Rodrigo esperaba que encontraran pronto al asesino. Era inquietante pensar que una persona de su calaña podía estar en libertad. ¿Quién era? Rodrigo miró a su izquierda y vio un hombre que estaba mirando el océano, igual que él. ¿Sería el asesino? La ansiedad lo desbordaba.
En un intento por mantener su cordura, decidió visitar las instalaciones médicas para distraer la mente. Sabía que se encontraba de descanso pero quería ver cómo se encontraba Harold. Se había ocupado de él hasta que el doctor Orwell fue llamado. Consciente de que la noche anterior había perdido un paciente, era insoportable pensar que podía perder dos.
Rodrigo se dirigió a las dependencias médicas, pero desconocía cuál era el mejor camino para tomar. Finalmente eligió regresar caminando por la parte posterior del barco. Esto no le molestó. Disfrutó la caminata y la posibilidad de explorar el barco un poco más. Era un laberinto de pasillos interminables y puertas dispersas. La complejidad de su diseño lo asombró.
De pronto, sintió un ruido sordo. Y luego otro. Corrió hasta el lugar de donde provenía el sonido. Dobló por el corredor, en estado de alerta. Los ruidos sordos se hacían cada vez más fuertes y luego, escuchó otro ruido. Alguien estaba llorando...o hablando. O quizás las dos cosas.

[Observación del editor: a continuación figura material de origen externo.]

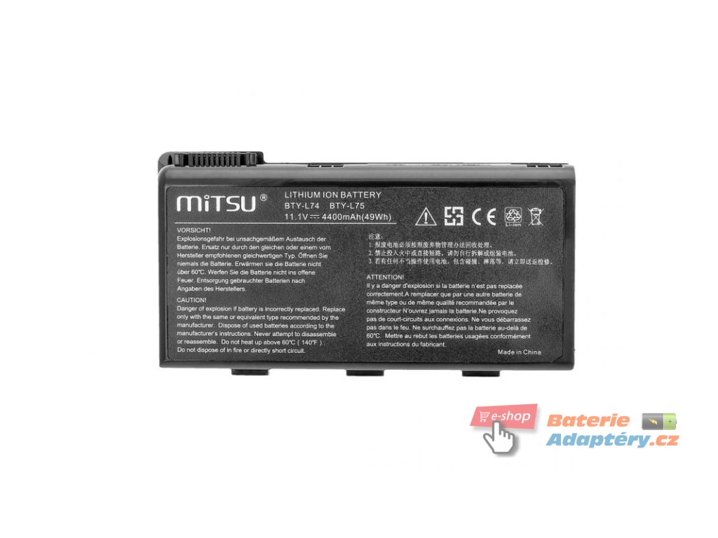 Nová, náhradní baterie značky Mitsu určená pro vybrané typy notebooků MSI. Jedná se o vhodnou alternativu za Váši nefunkční, originální baterii. Baterie Mitsu jsou určeny pro dané typy notebooku a plně nahrazují originální baterie. Spolehlivost Mitsu Battery dokládají získané certifikáty: CE, FCC, ROHS, které zaručují vysokou kvalitu a mizivou poruchovost. Baterie je vybavená zabezpečením proti hlubokému vybití a přebití. Part. number: BTY-L74, BTY-L75, 91NMS17LD4SU1, 91NMS17LF6SU1, 957-173XXP-101, 957-173XXP-102, MS-1682, S9N-2062200-CE1, S9N2082200CE Vhodná pro: MSI A5000, MSI A6000, MSI A6005, MSI A6200, MSI A6203, MSI A6205, MSI A7005, MSI A7200, MSI CR500, MSI CR500X, MSI CR600, MSI CR600X, MSI CR610, MSI CR610X, MSI CR620, MSI CR630, MSI CR630X, MSI CR700, MSI CR700X, MSI CR720, MSI CR720X, MSI CX500, MSI CX500X, MSI CX600, MSI CX600X, MSI CX605, MSI CX605X, MSI CX610, MSI CX610X, MSI CX620, MSI CX620X, MSI CX623, MSI CX623X, MSI CX630, MSI CX700, MSI CX700X, MSI CX705X, MSI CX720, MSI CX720X, MSI GE700, MSI CX705MX, MSI CX620 3D, MSI CR600-001US, MSI CR600-013US, MSI CR600-017US, MSI CR600-234US, MSI CR610-001NL, MSI CR610-003HU, MSI CR610-005, MSI CR610-006, MSI CR610-006NE, MSI CR610-007PL, MSI CR610-009PL, MSI CR610-011IT, MSI CR610-013, MSI CR610-013UK, MSI CR610-016UK, MSI CR610-026XCZ, MSI CR610-027XSK, MSI CR610-028X, MSI CR610-028XHU, MSI CR610-031LRU, MSI CR610-033, MSI CR610-050BE, MSI CR610-051, MSI CR610-058PL, MSI CR610-059PL, MSI CR610-060XPL, MSI CR610-061XPL, MSI CR610-062NL, MSI CR610-063BE, MSI CR610-070X, MSI CR610-070XEU, MSI CR610-075AR, MSI CR610-081XHU, MSI CR610-091XBL, MSI CR610-092XAR, MSI CR610-097RU, MSI CR610-0W1XBL, MSI CR610-0W2XEU, MSI CR610-M1005Q, MSI CR610-M1023W7P, MSI CR610-M1025W7P, MSI CR610-M1226W7P, MSI CR610-M320, MSI CR610-M3243W7P, MSI CR610C61M32, MSI CR610MS-3801, MSI CR610MS-6890, MSI CR610MS-6891, MSI CR630-002XUA, MSI CR630-009, MSI CR630-010, MSI CR630-010X, MSI CR630-015CZ, MSI CR630-018NL, MSI CR630-020NE, MSI CR630-022XIT, MSI CR630-024XCZ, MSI CR630-025XHU, MSI CR630-034X, MSI CR630-042PL, MSI CR630-043XPL, MSI CR630-044PL, MSI CR630-056, MSI CR630-088XYU, MSI CR630-BLU-RAY, MSI CR630-P3443W7P, MSI CR630-V1216FD, MSI CR630-V1225FD, MSI CR630-V1225W7P, MSI CR700-012US, MSI CR700-013NL, MSI CR700-017CA, MSI CR700-024, MSI CR700-034, MSI CR700-038PL, MSI CR700-047US, MSI CR700-060X, MSI CR700-063X, MSI CR700-068XEU, MSI CR700-070XSK, MSI CR700-071XHU, MSI CR700-075, MSI CR700-085FR, MSI CR700-099NL, MSI CR700-200BE, MSI CR700-202XEU, MSI CR700-204BE, MSI CR700-205NE, MSI CR700-206RU, MSI CR700-211, MSI CR700-211FR, MSI CR700-220XCZ, MSI CR700-221XSK, MSI CR700-2226, MSI CR700-223L, MSI CR700-223LRU, MSI CR700-231, MSI CR700-T3035FD, MSI CR700-T6600, MSI CR700MS-1734, MSI CR700X-029EU, MSI CX500-004RU, MSI CX500-006, MSI CX500-010TR, MSI CX500-016RU, MSI CX500-026L, MSI CX500-034, MSI CX500-037LRU, MSI CX500-296BE, MSI CX500-299, MSI CX500-299XEU, MSI CX500-402XHU, MSI CX500-403XBL, MSI CX500-404X, MSI CX500-406TR, MSI CX500-408IT, MSI CX500-414, MSI CX500-414IT, MSI CX500-416XEU, MSI CX500-419XHU, MSI CX500-427LUA, MSI CX500-428LUA, MSI CX500-429LUA, MSI CX500-430LUA, MSI CX500-431UA, MSI CX500-432UA, MSI CX500-441XCN, MSI CX500-444NL, MSI CX500-457, MSI CX500-457RU, MSI CX500-472, MSI CX500-472RU, MSI CX500-476L, MSI CX500-490L, MSI CX500-492, MSI CX500-497, MSI CX500-498, MSI CX500-498RU, MSI CX500-499BE, MSI CX500-604XBL, MSI CX500-605XEU, MSI CX500-607SK, MSI CX500-T4543W7P, MSI CX500-T6602G50SX, MSI CX500DX-638SK, MSI CX500DX-639XEU, MSI CX600-049US, MSI CX600-064UK, MSI CX600-T4343W7P, MSI CX605M, MSI CX610-050BE, MSI CX620-008XEU, MSI CX620-013XEU, MSI CX620-019NE, MSI CX620-035AU, MSI CX620-061, MSI CX620-223BE, MSI CX620MX, MSI CX623-005NL, MSI CX623-006BE, MSI CX623-007NE, MSI CX623-01, MSI CX623-014XEU, MSI CX623-015CZ, MSI CX623-017XHU, MSI CX623-018XBL, MSI CX623-019X, MSI CX623-019XEU, MSI CX623-02, MSI CX623-020CZ, MSI CX623-021SK, MSI CX623-022XHU, MSI CX623-023NL, MSI CX623-025, MSI CX623-025NE, MSI CX623-028BL, MSI CX623-033, MSI CX623-033FR, MSI CX623-034IT, MSI CX623-043, MSI CX623-048XUA, MSI CX623-049NL, MSI CX623-051NE, MSI CX623-052CZ, MSI CX623-054XEU, MSI CX623-055XHU, MSI CX623-056, MSI CX623-058XBY, MSI CX623-073CZ, MSI CX623-076XHU, MSI CX623-079PL, MSI CX623-079XPL, MSI CX623-081NL, MSI CX623-084NL, MSI CX623-085BE, MSI CX623-087X, MSI CX623-087XEU, MSI CX623-088X, MSI CX623-088XHU, MSI CX623-096UK, MSI CX623-168A, MSI CX623-201, MSI CX623-219, MSI CX623-AS, MSI CX623-I3743W7P, MSI CX623-I5443, MSI CX623-I5443W7P, MSI CX623-I5647W7P, MSI CX623-P6033W7PDoplňkové parametry

Miró a su alrededor para determinar su posición en el barco. No estaba cerca de los camarotes, ni siquiera de los camarotes de la tripulación. Este corredor estaba a sólo tres metros de distancia de las dependencias médicas. Había tres puertas a lo largo del extenso pasillo. Aquí no había un alfombrado elegante y el empapelado se estaba descascarando. Parecía uno de los corredores que llevaba al piso inferior, escaleras abajo, donde el carbón era trasladado en pala dentro de la boca hambrienta y ardiente del barco.

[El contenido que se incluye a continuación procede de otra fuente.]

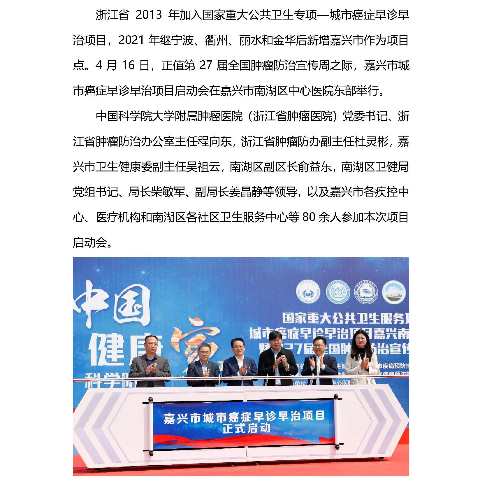 浙江省城市癌症早诊治项目再添一城 —— 嘉兴 !

Esperó, con los oídos atentos. Ya no se escuchaba nada más. Deslizó los dedos por las paredes y presionó la cabeza contra ellas. Nada. Había algo que no estaba bien. Indeciso, dio un paso hacia atrás.
¿Podía haberlo imaginado? Todavía se sentía tremendamente cansado. Pero ahí estaba de nuevo. ¿Era el débil sonido de una mujer llorando?
Rodrigo se escabulló del lugar. No se suponía que debía estar aquí. Desde el pasillo pudo divisar a los custodios del señor Phillips. Ellos no lo reconocieron y siguieron caminando. Cuando Rodrigo miró hacia atrás, los vio dirigirse hacia el corredor donde él había estado unos minutos antes. ¿Qué estarían por hacer? No estaba seguro de querer saber la respuesta.